**What you have to do:** What is needed is an exact copy of the lines in the entries below from the one holding "Microsoft Office Standard" through the one holding "Брелок-жетон из полированной", pictures excluded.

**Provided data:**
□ □ □

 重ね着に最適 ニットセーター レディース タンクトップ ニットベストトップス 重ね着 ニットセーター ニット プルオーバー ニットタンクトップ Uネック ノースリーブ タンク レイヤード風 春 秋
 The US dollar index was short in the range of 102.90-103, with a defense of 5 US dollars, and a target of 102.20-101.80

□ □ □

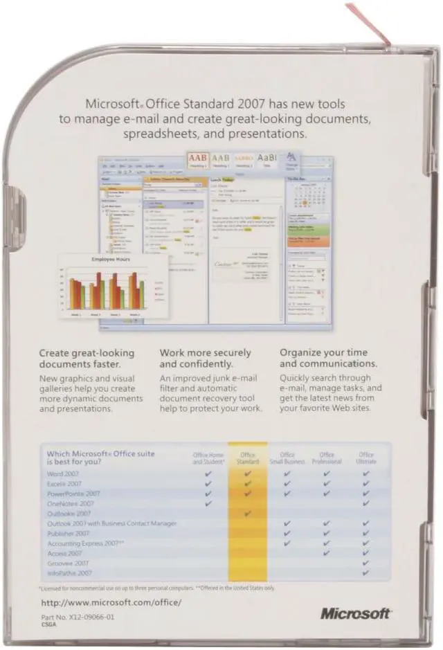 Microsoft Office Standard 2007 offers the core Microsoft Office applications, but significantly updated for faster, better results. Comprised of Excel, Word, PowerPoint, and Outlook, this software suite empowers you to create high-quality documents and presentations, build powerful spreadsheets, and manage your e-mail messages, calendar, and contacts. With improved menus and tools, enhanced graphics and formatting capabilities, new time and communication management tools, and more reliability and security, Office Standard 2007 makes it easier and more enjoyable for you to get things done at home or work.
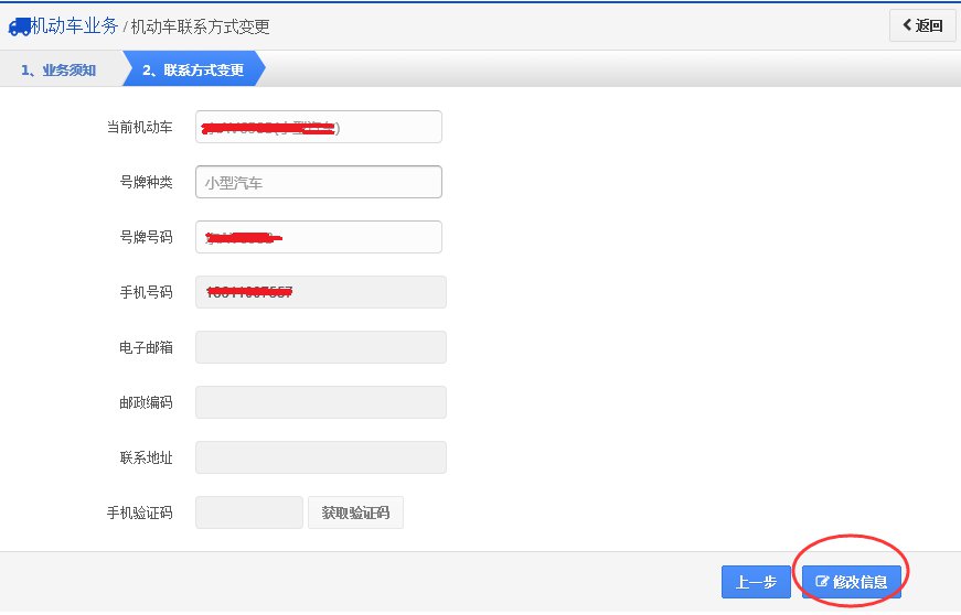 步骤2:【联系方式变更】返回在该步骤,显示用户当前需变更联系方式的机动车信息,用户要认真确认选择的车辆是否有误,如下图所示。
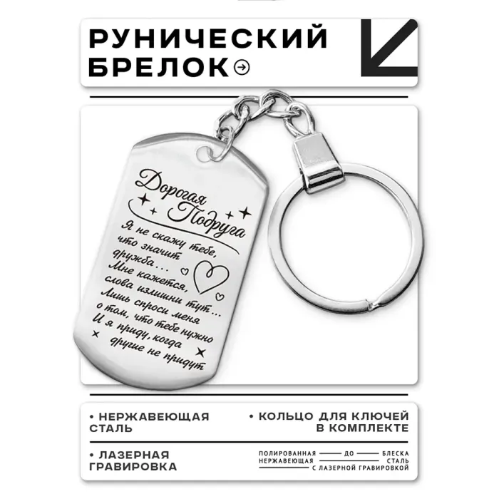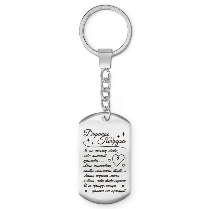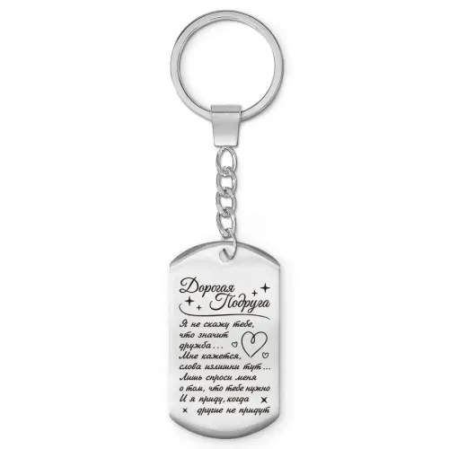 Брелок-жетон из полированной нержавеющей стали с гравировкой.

□ □ □

**Answer space:**
 Microsoft Office Standard 2007 offers the core Microsoft Office applications, but significantly updated for faster, better results. Comprised of Excel, Word, PowerPoint, and Outlook, this software suite empowers you to create high-quality documents and presentations, build powerful spreadsheets, and manage your e-mail messages, calendar, and contacts. With improved menus and tools, enhanced graphics and formatting capabilities, new time and communication management tools, and more reliability and security, Office Standard 2007 makes it easier and more enjoyable for you to get things done at home or work.
 步骤2:【联系方式变更】返回在该步骤,显示用户当前需变更联系方式的机动车信息,用户要认真确认选择的车辆是否有误,如下图所示。
 Брелок-жетон из полированной нержавеющей стали с гравировкой.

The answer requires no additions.